_Directions for this task_
Using the records below, reproduce exactly the lines from the one containing "In Loving Memory" through the end, and nothing more; skip the images.

== Entries provided

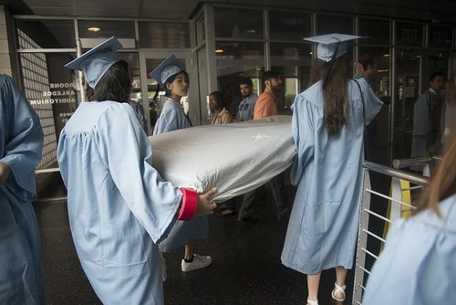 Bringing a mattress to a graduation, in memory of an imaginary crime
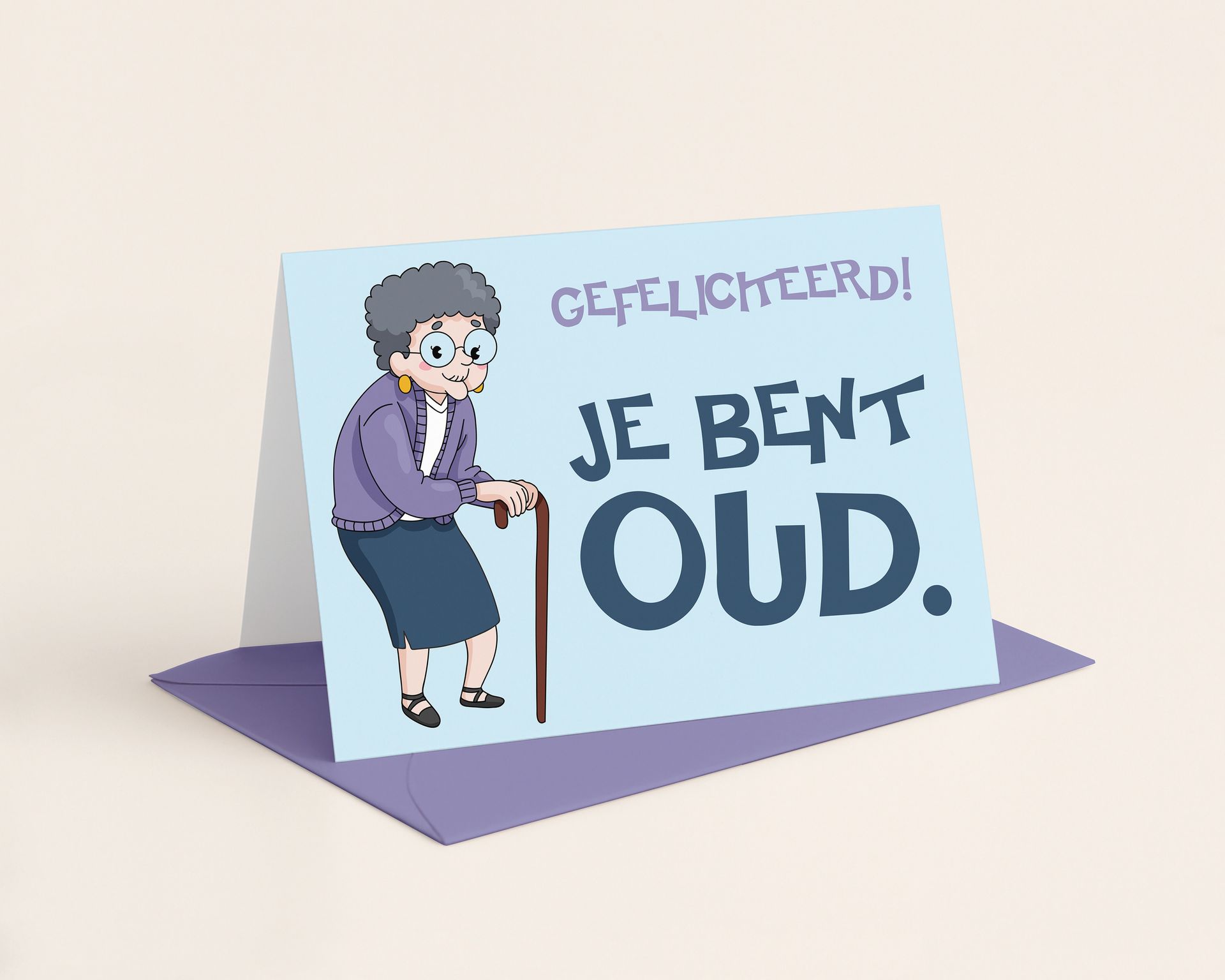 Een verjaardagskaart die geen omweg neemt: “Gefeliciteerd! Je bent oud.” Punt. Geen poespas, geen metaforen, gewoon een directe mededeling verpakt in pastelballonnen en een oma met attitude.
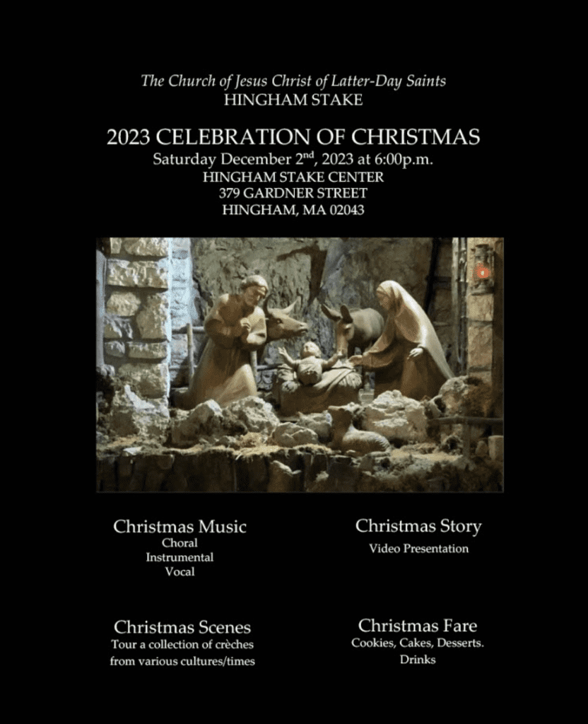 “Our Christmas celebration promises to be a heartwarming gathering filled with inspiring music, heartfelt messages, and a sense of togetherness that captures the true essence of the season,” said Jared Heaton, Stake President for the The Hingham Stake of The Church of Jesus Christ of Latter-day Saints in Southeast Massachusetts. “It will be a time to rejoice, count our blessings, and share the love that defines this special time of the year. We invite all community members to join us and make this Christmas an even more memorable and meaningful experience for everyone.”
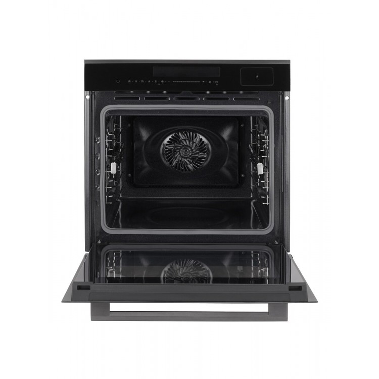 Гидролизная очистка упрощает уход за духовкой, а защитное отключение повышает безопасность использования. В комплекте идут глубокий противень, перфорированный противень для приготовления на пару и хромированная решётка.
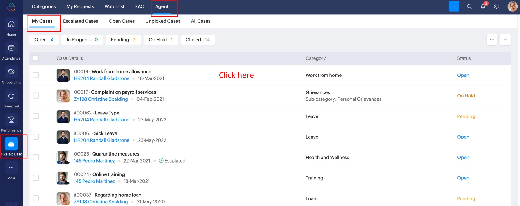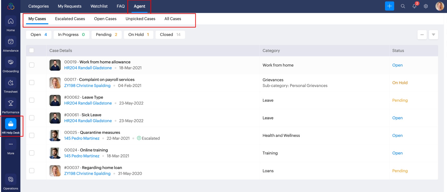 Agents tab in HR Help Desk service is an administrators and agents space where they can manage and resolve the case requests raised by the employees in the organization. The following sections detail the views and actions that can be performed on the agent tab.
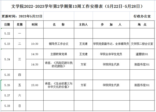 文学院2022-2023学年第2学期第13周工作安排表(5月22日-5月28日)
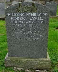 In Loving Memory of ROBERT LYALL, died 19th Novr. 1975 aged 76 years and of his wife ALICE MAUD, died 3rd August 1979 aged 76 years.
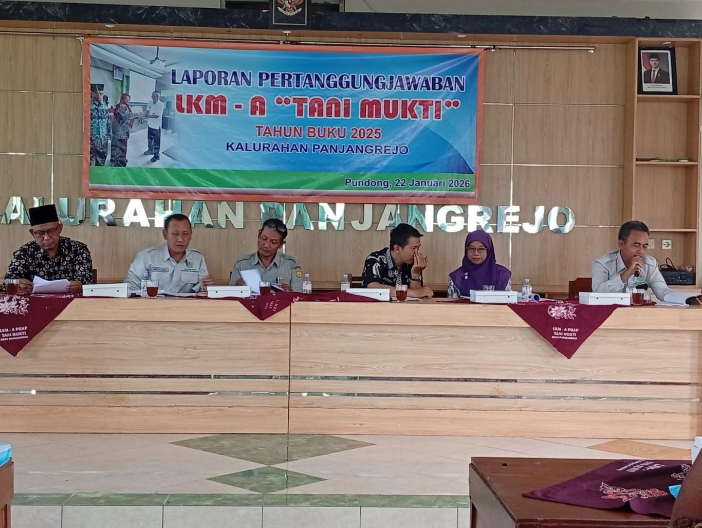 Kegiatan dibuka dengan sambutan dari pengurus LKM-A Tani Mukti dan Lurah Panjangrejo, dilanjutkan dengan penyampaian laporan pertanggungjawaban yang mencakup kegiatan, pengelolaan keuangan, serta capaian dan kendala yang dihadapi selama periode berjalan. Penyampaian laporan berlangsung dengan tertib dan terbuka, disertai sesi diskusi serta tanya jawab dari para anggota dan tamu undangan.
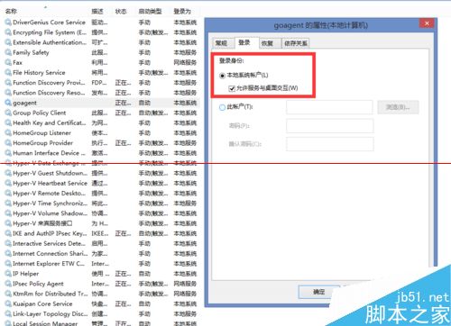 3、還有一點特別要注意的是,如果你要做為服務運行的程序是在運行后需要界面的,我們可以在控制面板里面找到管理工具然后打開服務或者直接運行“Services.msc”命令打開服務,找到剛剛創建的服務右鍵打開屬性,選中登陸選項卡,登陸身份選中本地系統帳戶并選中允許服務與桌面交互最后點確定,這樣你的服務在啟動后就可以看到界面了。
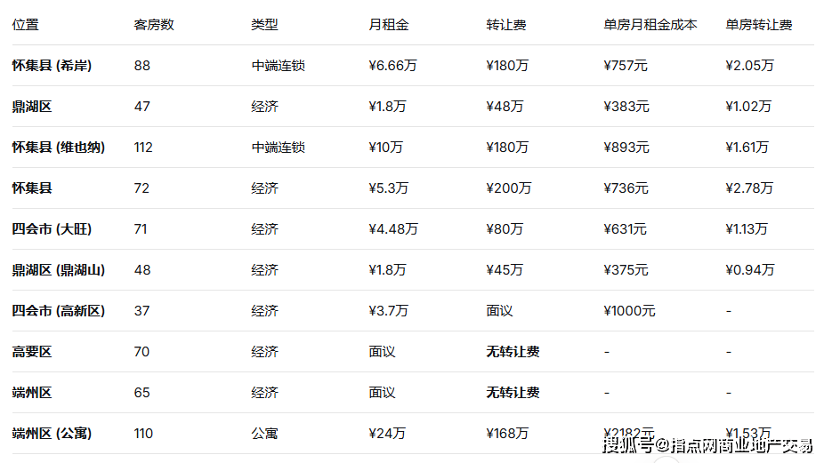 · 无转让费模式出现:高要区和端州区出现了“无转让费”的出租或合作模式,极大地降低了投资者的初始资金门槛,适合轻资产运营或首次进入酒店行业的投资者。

====

_Exercise result_
 In Loving Memory of ROBERT LYALL, died 19th Novr. 1975 aged 76 years and of his wife ALICE MAUD, died 3rd August 1979 aged 76 years.
 Kegiatan dibuka dengan sambutan dari pengurus LKM-A Tani Mukti dan Lurah Panjangrejo, dilanjutkan dengan penyampaian laporan pertanggungjawaban yang mencakup kegiatan, pengelolaan keuangan, serta capaian dan kendala yang dihadapi selama periode berjalan. Penyampaian laporan berlangsung dengan tertib dan terbuka, disertai sesi diskusi serta tanya jawab dari para anggota dan tamu undangan.
 3、還有一點特別要注意的是,如果你要做為服務運行的程序是在運行后需要界面的,我們可以在控制面板里面找到管理工具然后打開服務或者直接運行“Services.msc”命令打開服務,找到剛剛創建的服務右鍵打開屬性,選中登陸選項卡,登陸身份選中本地系統帳戶并選中允許服務與桌面交互最后點確定,這樣你的服務在啟動后就可以看到界面了。
 · 无转让费模式出现:高要区和端州区出现了“无转让费”的出租或合作模式,极大地降低了投资者的初始资金门槛,适合轻资产运营或首次进入酒店行业的投资者。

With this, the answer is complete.